Problem to work on:
Please return the full listing exactly as written, with the images removed.

*** Opening of Data ***

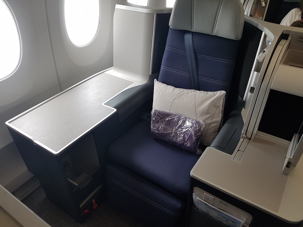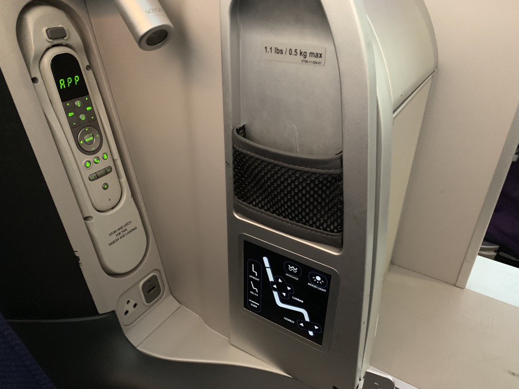 Ich habe mich für Platz 1K entschieden, was eine wirklich gute Wahl war und in meinen Augen auch der beste Sitzplatz im Flugzeug. So hat man auf diesem „Thron Sitz“ links und rechts neben dem Sitz zwei riesige Ablageflächen und auch das Fußfach ist angenehm groß. Die Nähe zur Bordküche kann etwas störend sein, allerdings hat es mich auf diesem Flug überhaupt nicht gestört.
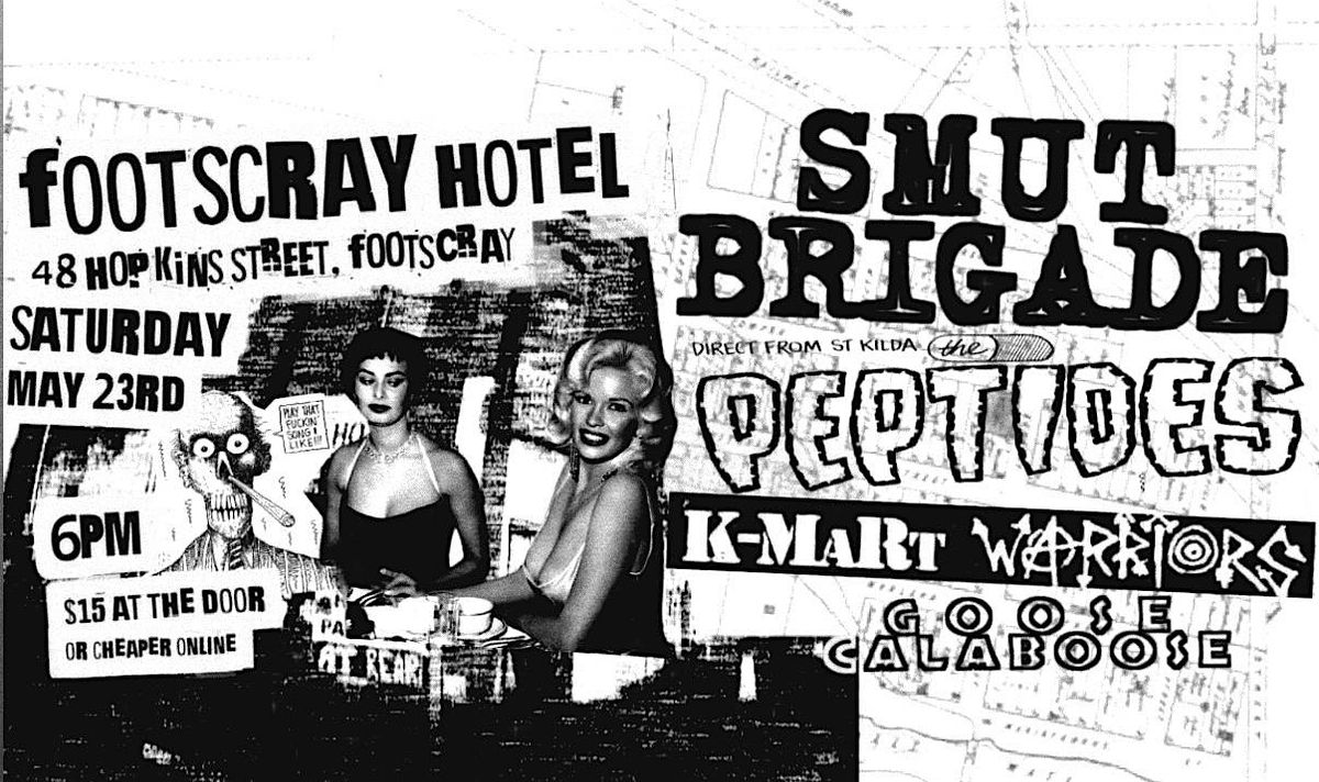 SMUT BRIGADE live at Footscray Hotel w/ friends THE PEPTIDES, K-MART WARRIORS and GOOSE CALABOOSE. SATURDAY MAY 23RD. 6PM.
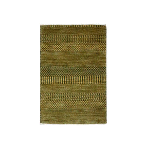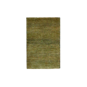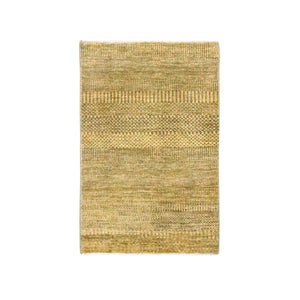 2'x3' Golden Brown, Modern Grass Design, Hand Knotted, Wool With Touch Of Silk, Tone On Tone, Lush And Plush, Sample, Mat, Oriental Rug FWR459726

*** Close of Data ***

Reply to the exercise:
 Ich habe mich für Platz 1K entschieden, was eine wirklich gute Wahl war und in meinen Augen auch der beste Sitzplatz im Flugzeug. So hat man auf diesem „Thron Sitz“ links und rechts neben dem Sitz zwei riesige Ablageflächen und auch das Fußfach ist angenehm groß. Die Nähe zur Bordküche kann etwas störend sein, allerdings hat es mich auf diesem Flug überhaupt nicht gestört.
 SMUT BRIGADE live at Footscray Hotel w/ friends THE PEPTIDES, K-MART WARRIORS and GOOSE CALABOOSE. SATURDAY MAY 23RD. 6PM.
 2'x3' Golden Brown, Modern Grass Design, Hand Knotted, Wool With Touch Of Silk, Tone On Tone, Lush And Plush, Sample, Mat, Oriental Rug FWR459726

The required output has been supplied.